14. Be patient and persistent. You can’t have just one of these qualities and expect to get far in a job search.
- Be patient. Even if you’re leveraging friendships to get job referrals, the process still takes time. Often, a hiring manager will know they want someone but have to do due diligence and complete all the scheduled interviews. If you feel it appropriate, followup with those interviewers whom you felt reacted positively to you "asking for the job." Word your email or letter carefully. E.g., "Thanks again for the interview. I just wanted to reiterate that this job is one that I would really enjoy. If there is any further information you need from me, please do ask."

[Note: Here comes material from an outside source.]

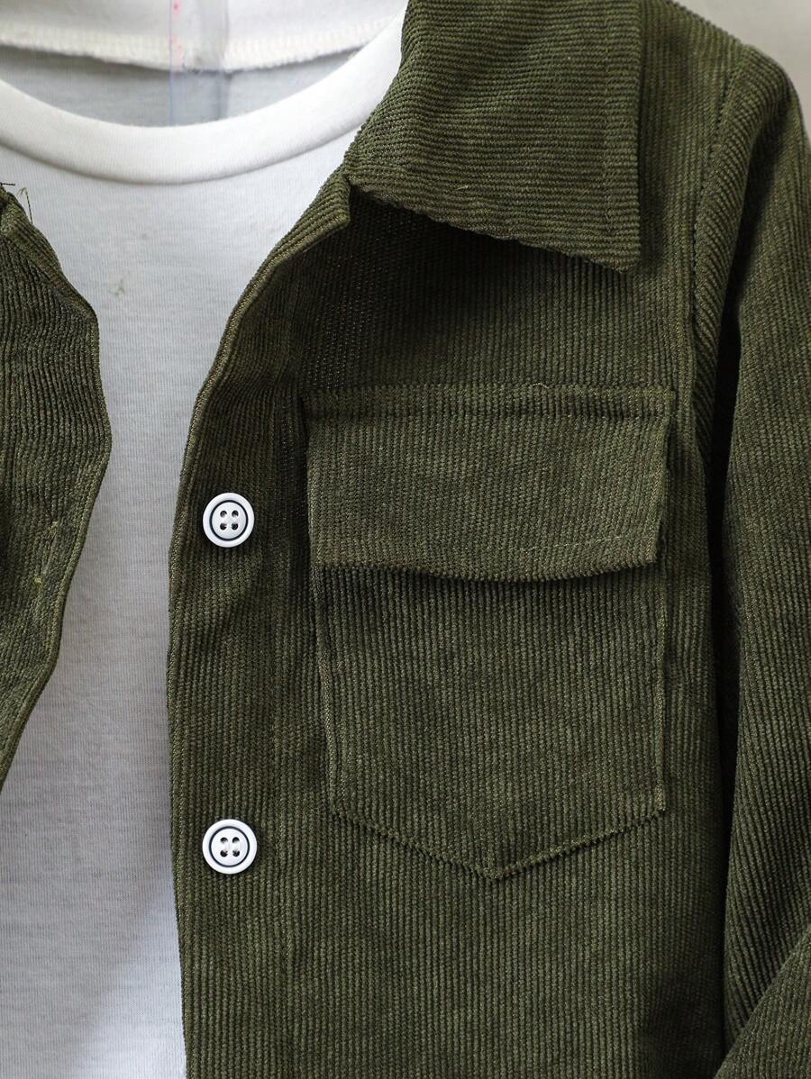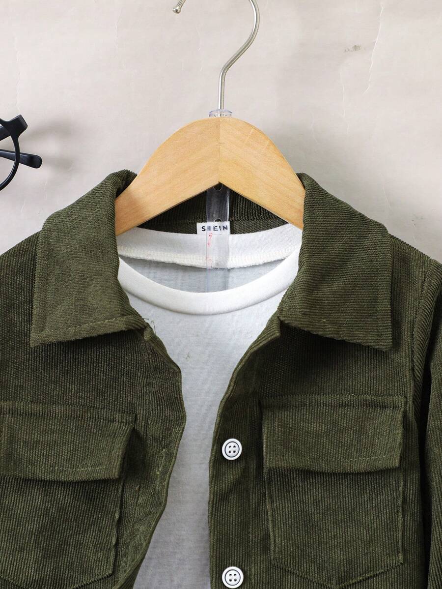 SHEIN Young Boy Flap Pocket Shirt & Pants Without Tee Green Baby Boys Sets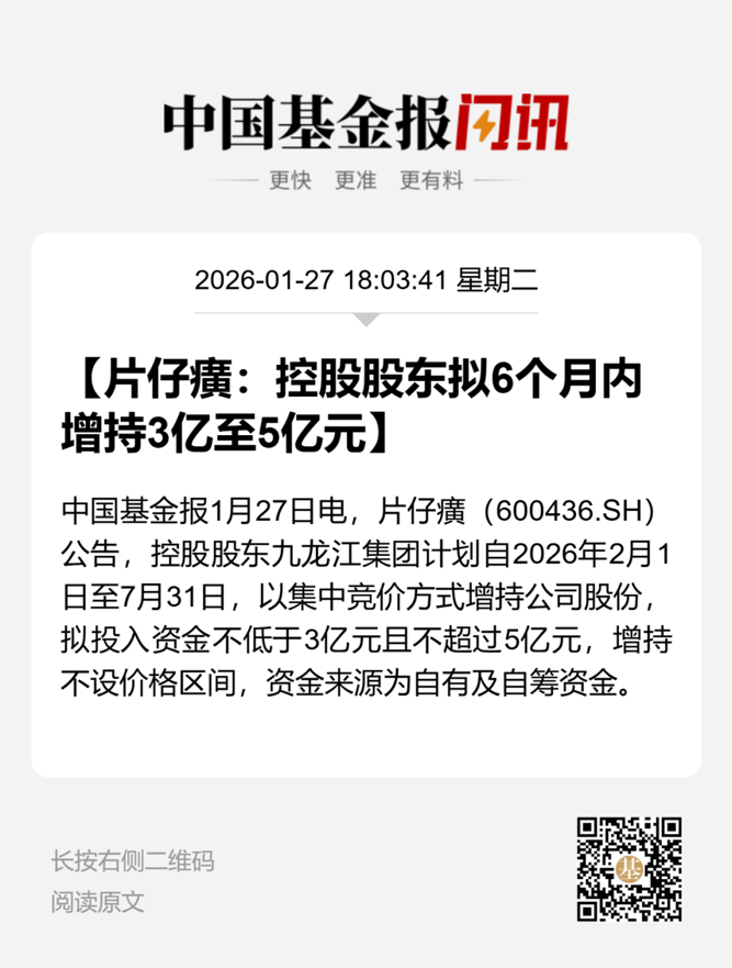 片仔癀1月27日晚发布公告称,基于对公司未来持续稳定发展的信心和长期投资价值的认可,公司控股股东漳州市九龙江集团有限公司(以下简称九龙江集团)计划自2026年2月1日起至2026年7月31日(即6个月内),以自有及自筹资金,通过上海证券交易所交易系统以集中竞价方式增持公司股份,合计拟增持金额不低于3亿元(含)且不超过5亿元(含)。本次增持计划不设定价格区间,将根据公司股票价格波动情况及资本市场整体趋势,择机逐步实施增持计划。

- Be persistent. Like many successful people, keep in mind that finding work during a recession might play out to be a numbers game. There just might be many opportunities listed that you feel you’re qualified for, but for a variety of reasons, you’ll not be considered.
15. Stay calm, stay positive. Sounds cliched, but if you at least attempt to consider another perspective, you might find the value in being positive. Staying positive includes managing the words you write (cover letters) or speak (interviews). Being negative puts you in a frame of mind where you fail to recognize opportunities. Don’t get discouraged by a single rejection. It’s not necessarily about you; someone might have been more qualified. Staying positive will show in everything you do, just like being negative would.